LLM as Judge

PassAudited by VirusTotal on May 11, 2026.

Overview

Type: OpenClaw Skill Name: llm-as-judge Version: 1.2.0 The 'llm-as-judge' skill implements a standard cross-model verification pattern designed to improve output quality and catch errors in complex tasks like architecture design and security reviews. The files (SKILL.md and references/judge-prompts.md) contain legitimate workflow instructions and prompt templates for peer review without any evidence of data exfiltration, malicious execution, or prompt injection attacks.

Findings (0)

Artifact-based informational review of SKILL.md, metadata, install specs, static scan signals, and capability signals.
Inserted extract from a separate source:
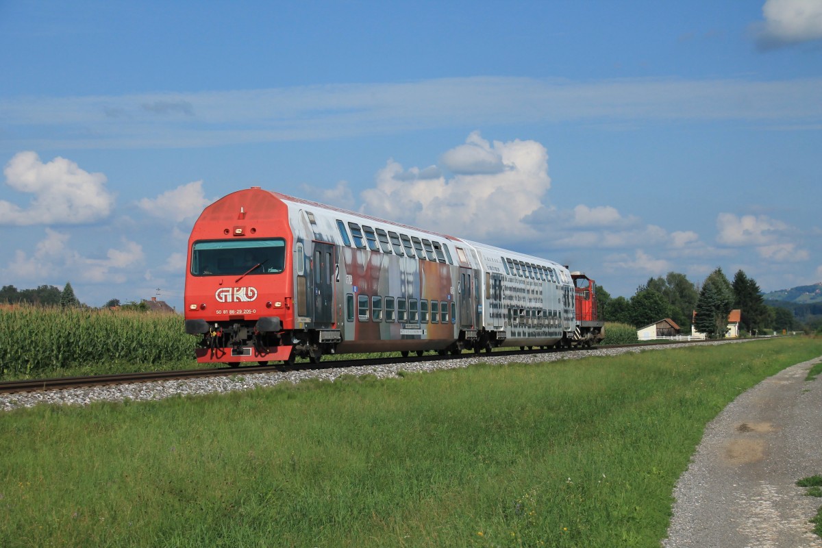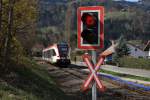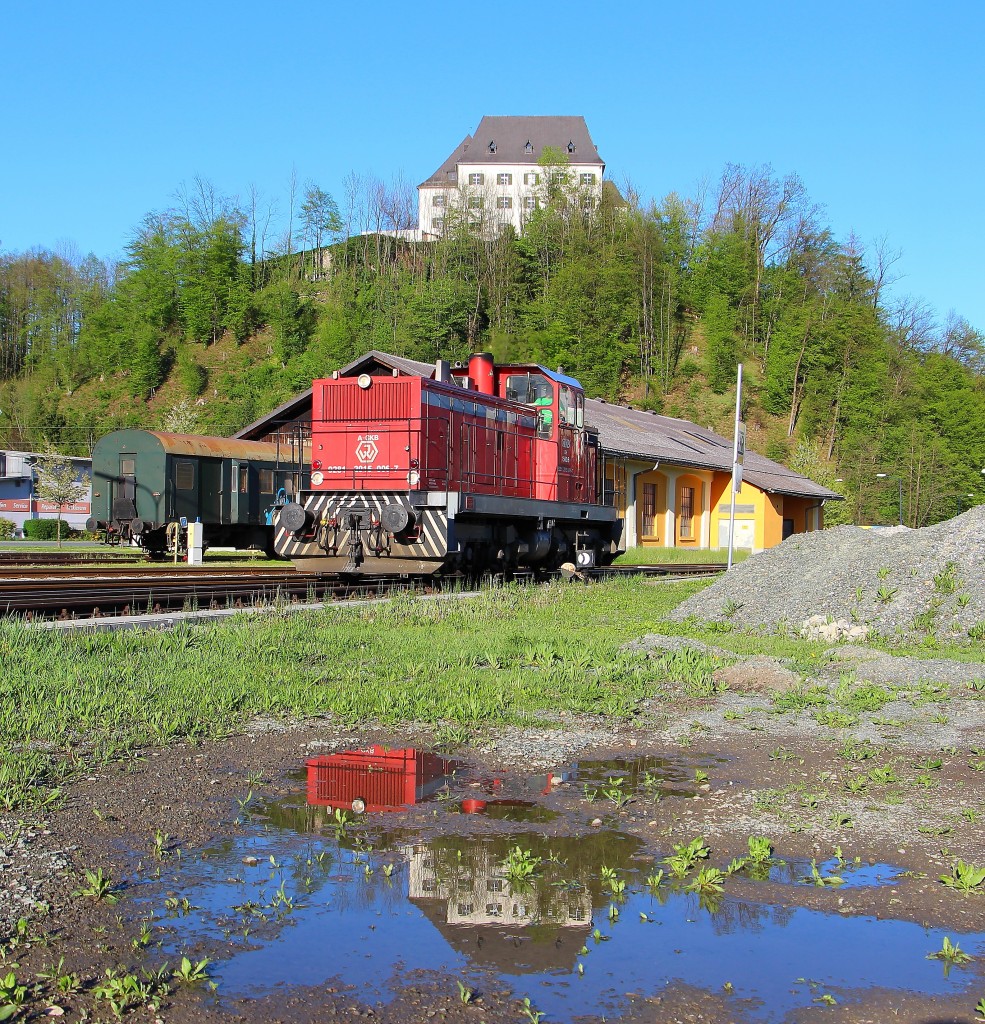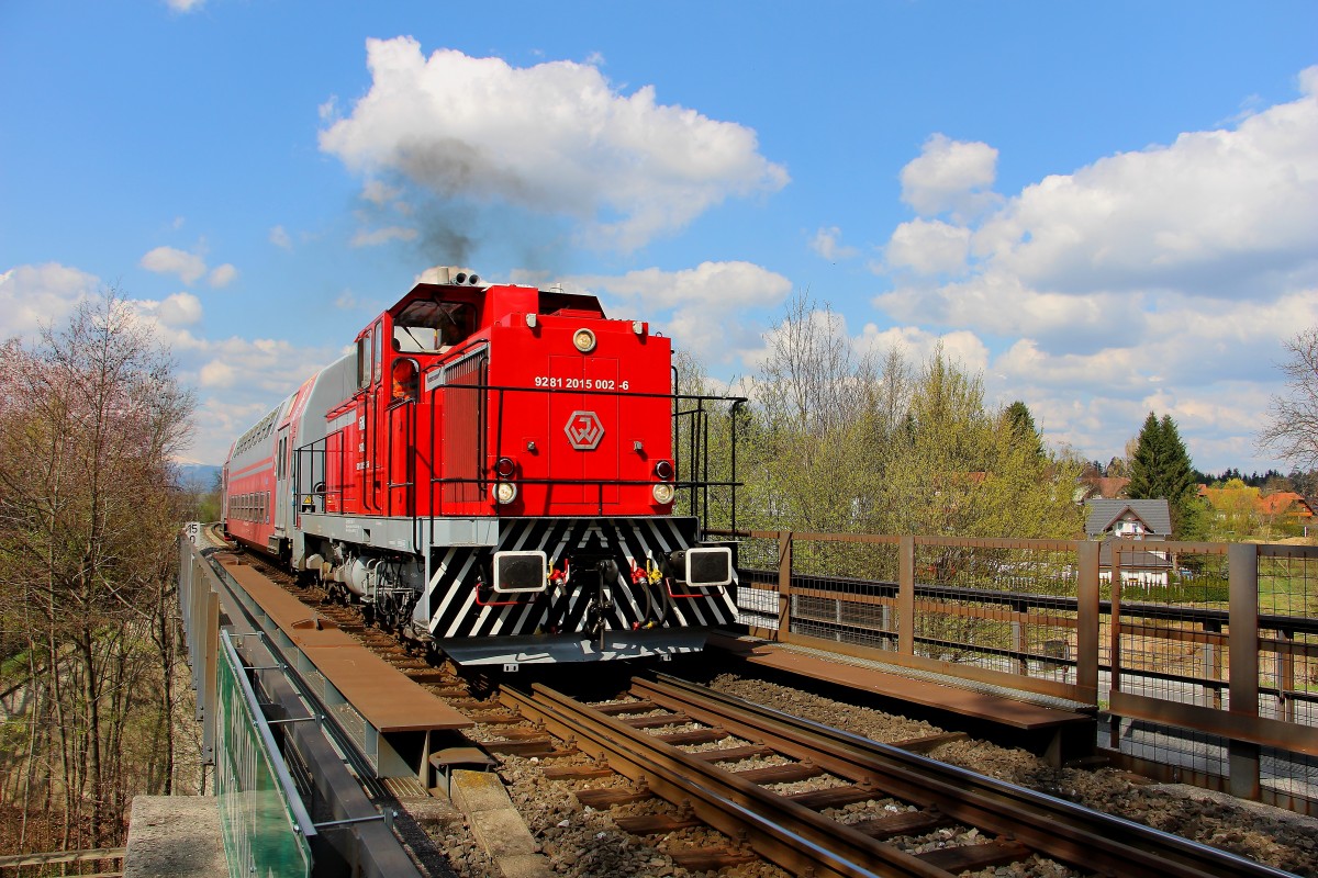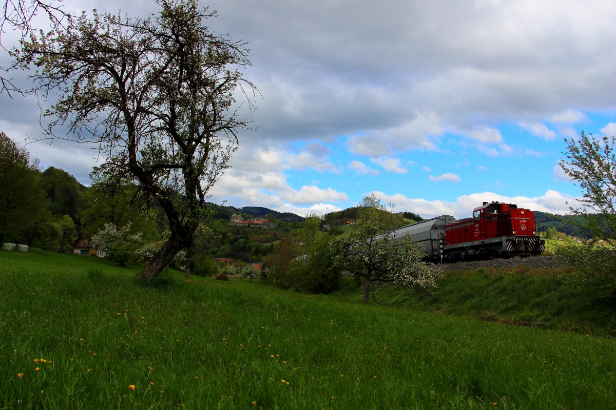 Durch nachwievor fehlende Ausrüstung mit PZB 90 aller Doppelstocksteuerwagen der GKB wird R8567 Lok Vorraus geführt. Über die Wintermonate Übernahm diese Leistung RTS 2016.906. Nun kommen wieder die eigenen Triebfahrzeuge der Reihe 1500 zum Einsatz . Hier im Bild zu sehen DH1500.6 unter der noch nicht ganz zugewachsenen Kulisse des Schlosses Burgstall zu Wies in dem sich eine Hauashaltungschule befindet. 9.April 2014 Karl Heinz Ferk

ClawScan does not execute the skill or run runtime probes.

What this means

Plans, code, architecture details, or security/financial system context may be shared with another model provider during review.

Why it was flagged

The skill explicitly routes review content to a separate model/provider, which is central to its purpose but creates a data-sharing boundary users should understand.

Skill content
Use a different provider than the executor to avoid shared blind spots: ... Executor: Claude → Judge: `kimi` or `grok` or `gemini-pro`
Recommendation

Use this only where cross-provider review is acceptable, avoid including secrets or unnecessary proprietary details, and consider provider data-retention policies.

What this means

Users may treat the judge verdict as stronger assurance than it really is.

Why it was flagged

The skill presents precise effectiveness claims without supporting evidence in the artifacts, which could lead users to overestimate the assurance provided by the judge model.

Skill content
Cross-model review catches ~85% of issues vs ~60% for self-reflection.
Recommendation

Treat judge output as advisory and continue using normal testing, security review, and human judgment for high-stakes work.